Suzanne 'Touty' Hiltermann-Souloumiac, née Hiltermann, (17 January 1919, Amsterdam – 2 October 2001, Désaignes, Ardèche) resisted the Nazis as part of the Dutch-Paris escape line during World War II. She survived Ravensbrück concentration camp. She received the US Medal of Freedom in recognition of her help to evading Allied airmen. After the war she wrote children's stories and founded a French school in Hong Kong.

==Early life==
Suzanne Hiltermann was born to a family of Dutch magistrates and industrialists. She spoke French, English and German fluently - and a little bit of Hebrew and Chinese too. In 1939, she enrolled in the Sorbonne in Paris to study ethnology.

==Resistance==
In the first months of the German Occupation of France, Hiltermann met a Dutch official named Herman Laatsman. She soon joined him in his resistance work helping Jews to escape to the southern, unoccupied zone and gathering intelligence. Hiltermann worked closely with Leo Mincowski, who worked as a translator in the German Embassy in Paris. A German diplomat, Karl-Heinz Gerstner, passed information to Mincowski and Hiltermann. They shared it with Laatsman and a local French resistance group to which Mincowski belonged.

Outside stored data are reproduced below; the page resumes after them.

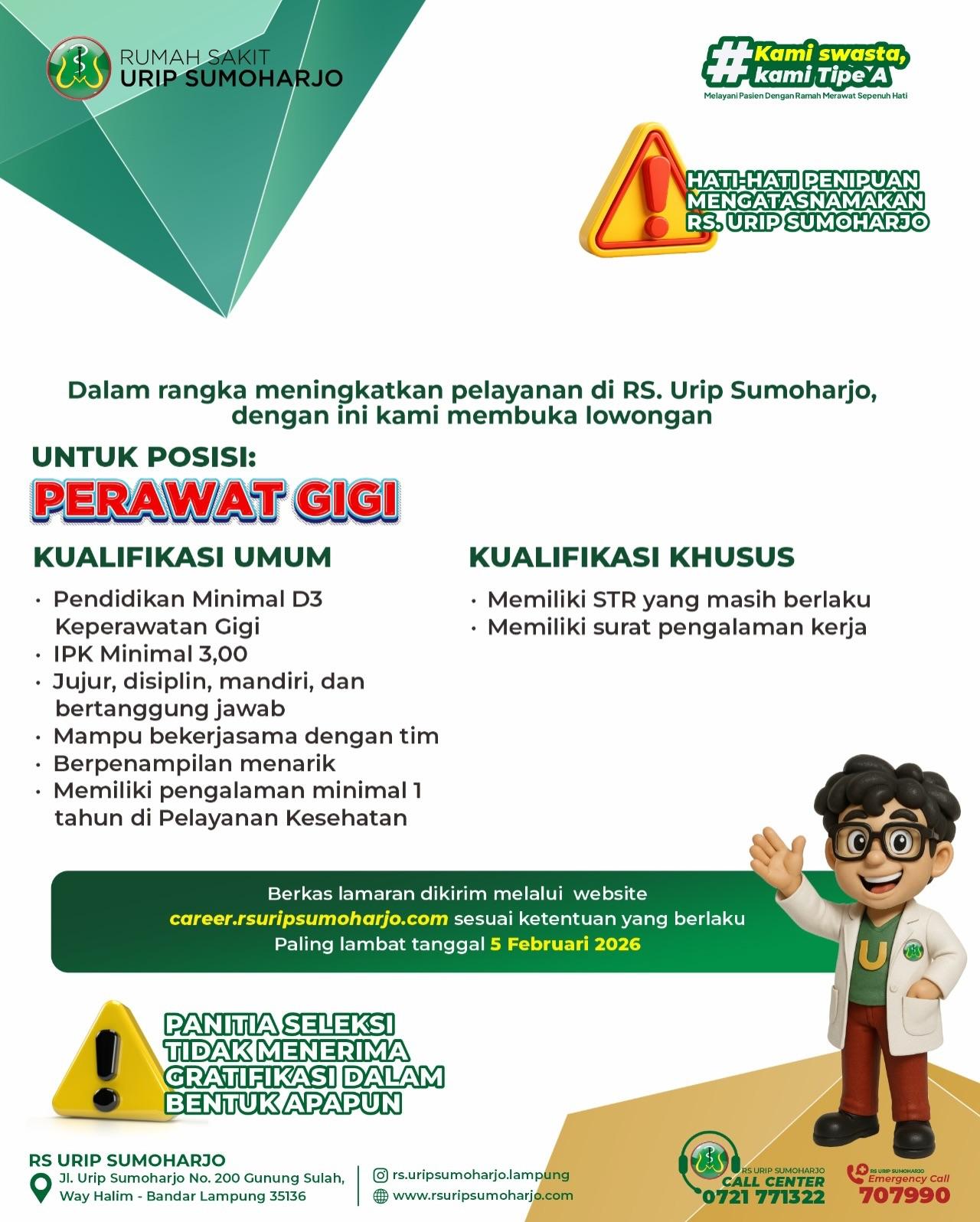 Dibutuhkan Perawat Gigi untuk penempatan di RS Urip Sumoharjo Bandar Lampung. Untuk lamaran silahkan kirim melalui link pendaftaran yang tertera.
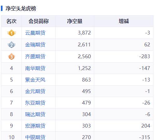 不过,沪金期货主要净空头席位并未有明显加仓空单。
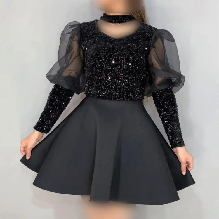 لباس مجلسی دخترانه کوتاه عروسکی سایز 36 تا 50 سارافون زنانه پولک و ساتن
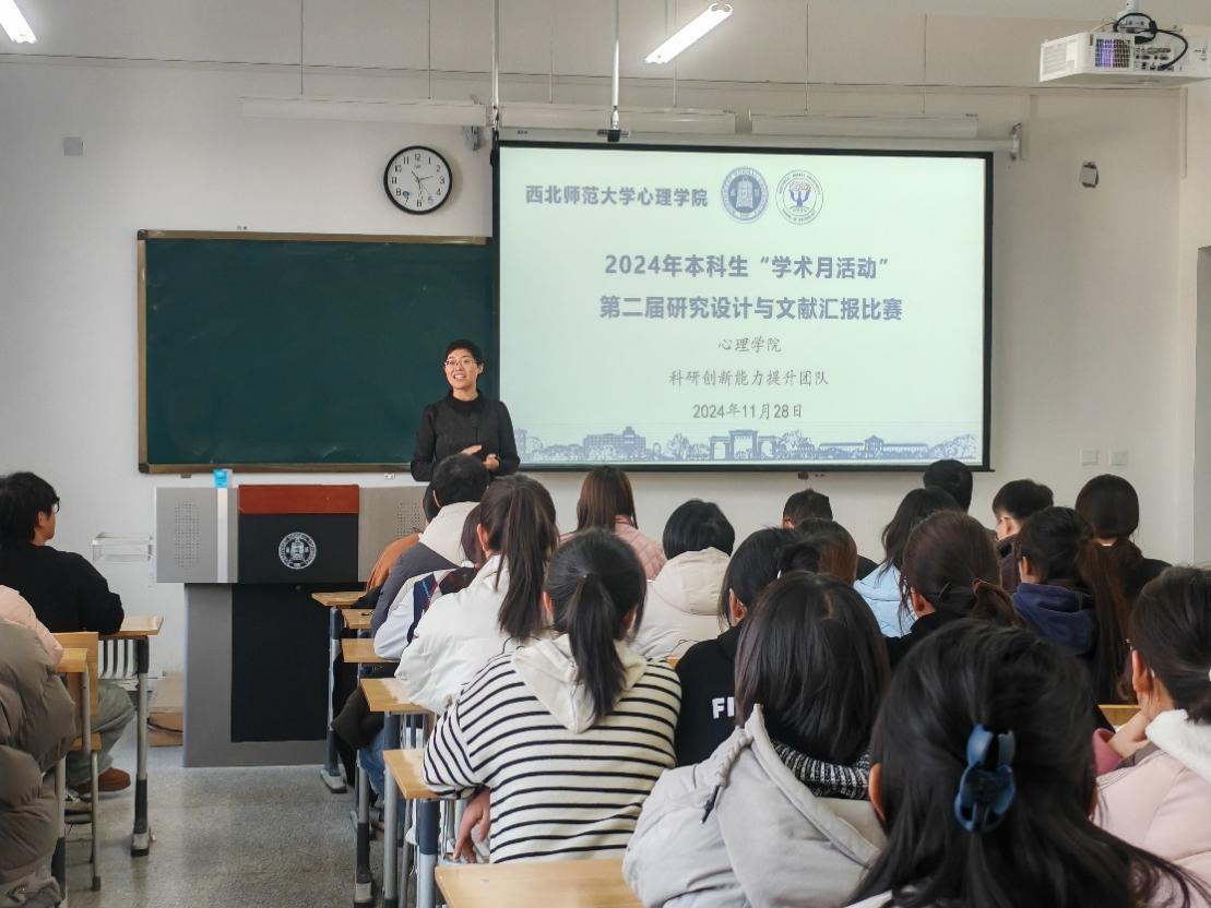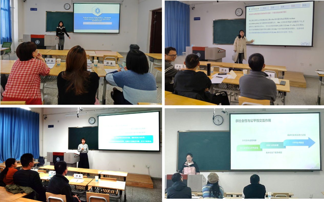 文献汇报比赛的四个组分别在弘文楼207、210、211和213教室进行比赛,同学们结合自己感兴趣的研究领域,选择研究文献进行汇报。汇报文献的主题涉及记忆、阅读、青少年抑郁与焦虑、亲社会行为等多个领域。每位选手从文献的研究背景、问题提出、方法和结论等方面进行详细的阐述。

In November 1943 Laatsman agreed to link his group in Paris to the escape line that Jean Weidner was putting together. Laatsman, Hiltermann, Mincowski and their colleagues took primary responsibility for taking care of downed Allied aviators coming through Paris for the new escape line, called Dutch-Paris. Because Hiltermann spoke English, she acted as liaison with the aviators hiding in and around Paris. Hiltermann found other Allied aviators hiding in the region through her connections with local French resistance groups. Hiltermann also served as a courier and guide between Paris and Toulouse, escorting aviators on the night train. Dutch-Paris helped at least 112 Allied aviators and servicemen.

==Arrest==
French police arrested a Dutch-Paris courier in Paris on 11 February 1944 and turned her over to the Germans a few days later. On 26 February 1944, German forces coordinated raids on all Dutch-Paris addresses in Paris that were associated with the aviator escape line. They raided Hiltermann's apartment on the rue du Laos at 6:30am. She was interrogated several times and subjected to the “baignoire” torture. She was deported to the women's concentration camp at Ravensbrück on 18 April 1944.

==Deportation==
Hiltermann was kept with the French prisoners in Ravensbruck. She formed life-long friendships there with Geneviève de Gaulle-Anthonioz, Jacqueline Pery, Simone Souloumiac and Germaine Tillion. When 17 year-old Simone Souloumiac despaired, Hiltermann encouraged her by saying, “Hold on! We need to see the end of the movie.”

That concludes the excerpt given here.